18 Las de toujours conter la même histoire sans profit, les habitants du ghetto exprimaient en outre

leur réticence à montrer des conditions de vie dégradantes, qui constituaient aussi une intimité qu’ils voulaient garder secrète. L’image d’eux-mêmes et le sentiment d’échec auxquels le ghetto les confrontait, étaient vécus douloureusement, augmentant encore l’aspiration à un ailleurs et à un avenir meilleurs. Ousmane, un camerounais de 22 ans qui s’était converti à l’islam pour faciliter son voyage vers le Maroc et qui vivait dans le ghetto depuis trois mois lorsque je le rencontrai en février 2009, racontait qu’il refuse qu’on le filme car « il en va

de la dignité de tout à chacun. […]. Je ne veux pas que ma famille me voit comme ça » et il

imaginait : « Si un jour je suis milliardaire, j’aimerais raconter à un enfant que j’ai demandé

de la nourriture pour manger, il ne croira pas et pourtant ce sera vrai ».

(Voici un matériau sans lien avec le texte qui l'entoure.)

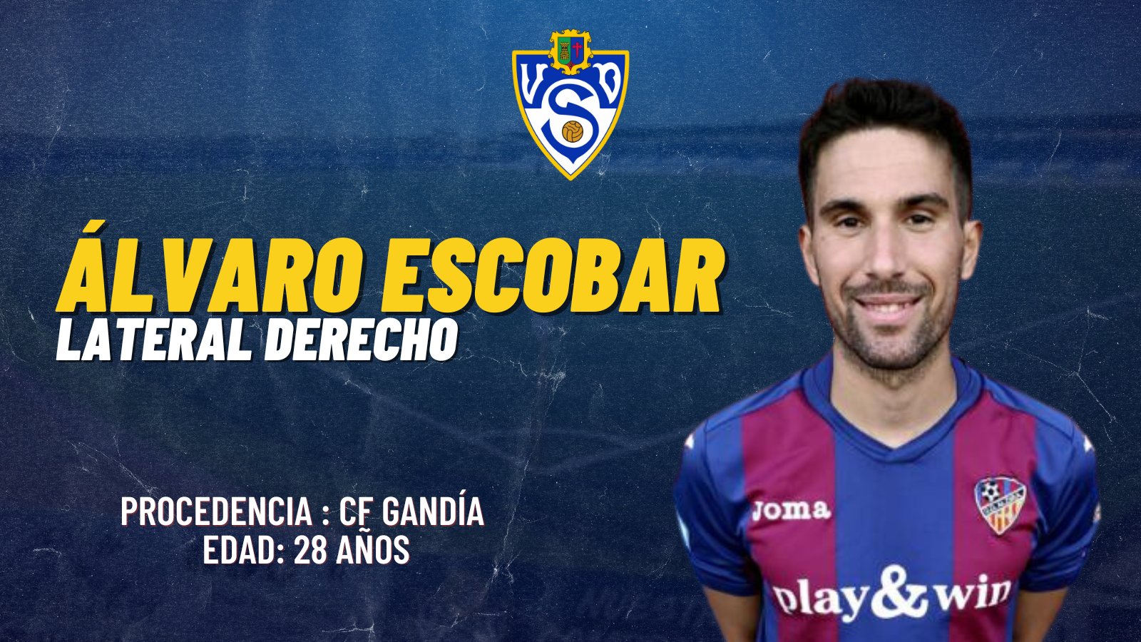 Álvaro Escobar García es de Denia (Alicante), tiene 28 años, y juega en la posición de lateral derecho.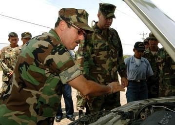 | Keywords: US Navy 070524-N-0989H-007 Honduran sailors, Marine force members and port security personnel receive instructions on proper vehicle inspection.jpg en PUERTO CASTILLA Honduras May 24 2007 - Honduran sailors Marine force members and port security personnel receive instructions on proper vehicle inspection procedures from Master-at-Arms 1st Class Hector Cardona and Master-at-Arms 1st Class Brian Brant U S Navy Expeditionary Training Command Task Group 40 9 is deployed as part of the pilot Global Fleet Station GFS to the Caribbean basin and Central America The mission is designed to validate the GFS concept for the Navy and support U S Southern Command objectives for its area of responsibility by enhancing cooperative partnerships with regional maritime services and improving operational readiness for the participating partner nations U S Navy photo by Mass Communication Specialist 1st Class David Hoffman RELEASED 2007-05-24 070524-N-0989H-007 Navy http //www navy mil/view_image asp id 46582 U S Navy photo by Mass Communication Specialist 1st Class David Hoffman PD-USGov-Military-Navy Images from US Navy location Puerto Castilla Honduras Master-at-arms |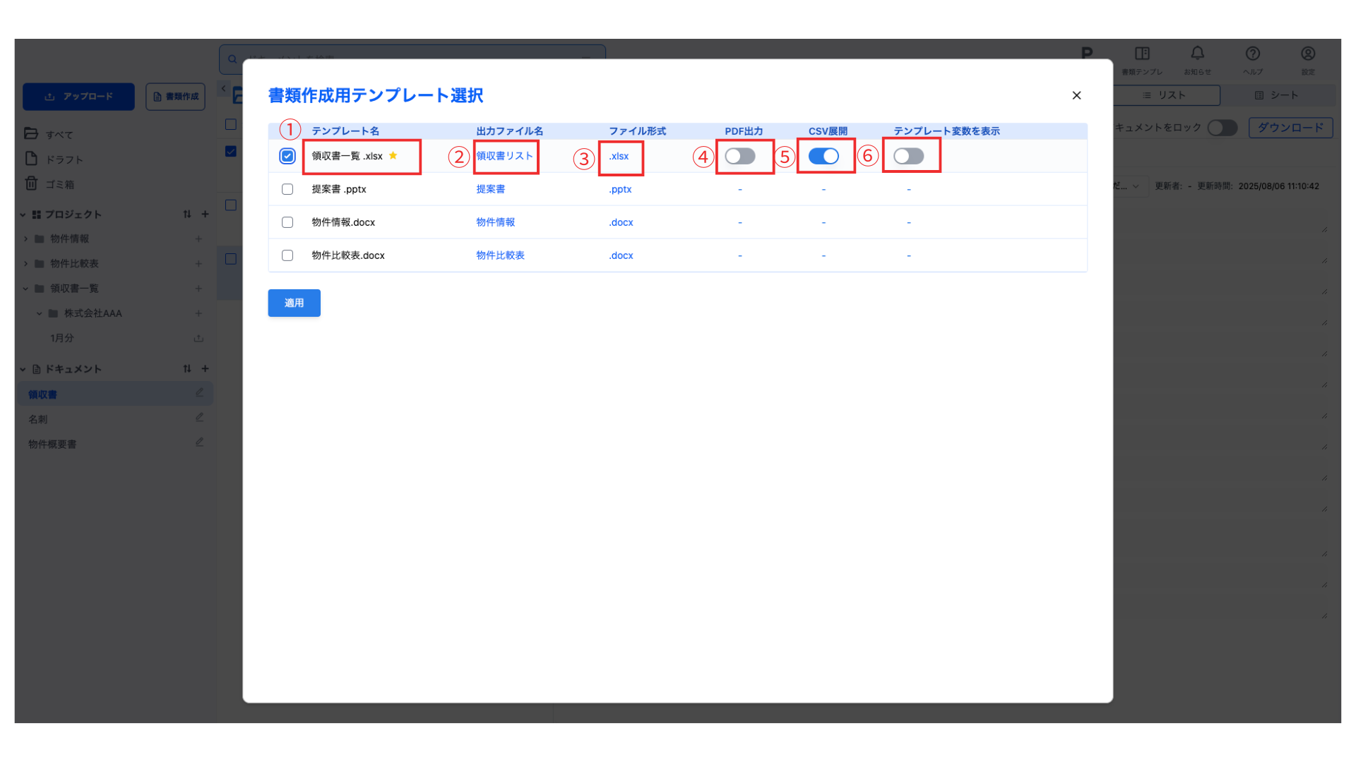 書類作成用テンプレートを選択し、「適用」をクリックすると、テンプレート置換のプレビューが表示されます。

19 Fermé aux étrangers à l’issue d’une décision collégiale, l’accès au ghetto était en partie régulé

par les responsables de l’Association des Refoulés d’Afrique Centrale au Mali (ARACEM), qui constituait une sorte d’interface entre la société civile et la situation cachée du ghetto. Le compromis auquel je parvins avec eux était que je rencontrerai, dans les locaux de l’association, des habitants du ghetto, auxquels je devais donner quelque chose en contrepartie. Cet arrangement se conclut, sans qu’il fût nécessaire d’en discuter très longuement, autour de la nourriture. Comme les entretiens avaient lieu le matin, j’apportais des viennoiseries et des boissons et je laissais de l’argent pour le déjeuner ; à la fin de mon séjour, nous nous sommes retrouvés pour dîner dans la pension où je logeais. Ces échanges réels et symboliques autour de la nourriture permirent de dépasser le premier refus d’enquête. Ces formes de conversation et de partage ressemblaient d’avantage à une relation entre convives (qui peuvent l’espace d’un repas se livrer à des conversations riches sans être engagés dans une relation dans le temps) qu’à une relation d’enquêteur à enquêtés, et une forme de respect et d’écoute mutuelle s’est assez vite installée. Il suffit parfois d’une tournée, d’un repas offert ou préparé, pour que les réticences s’estompent et qu’il devienne possible de parler d’une situation pourtant précaire et de la nourriture en particulier comme d’un sujet, d’une préoccupation vitale, mais un moment mise à distance par le cadre créé. Les habitants du ghetto regrettaient la monotonie des sempiternels plats de riz en sauce servis au Mali. La nourriture camerounaise (pays dont ils étaient pour la plupart originaires), la variété de ses ingrédients, la prépondérance des tubercules dans les mets cuisinés, étaient devenues l’expression de leur nostalgie. Les ingrédients introuvables au Mali augmentaient leur désarroi.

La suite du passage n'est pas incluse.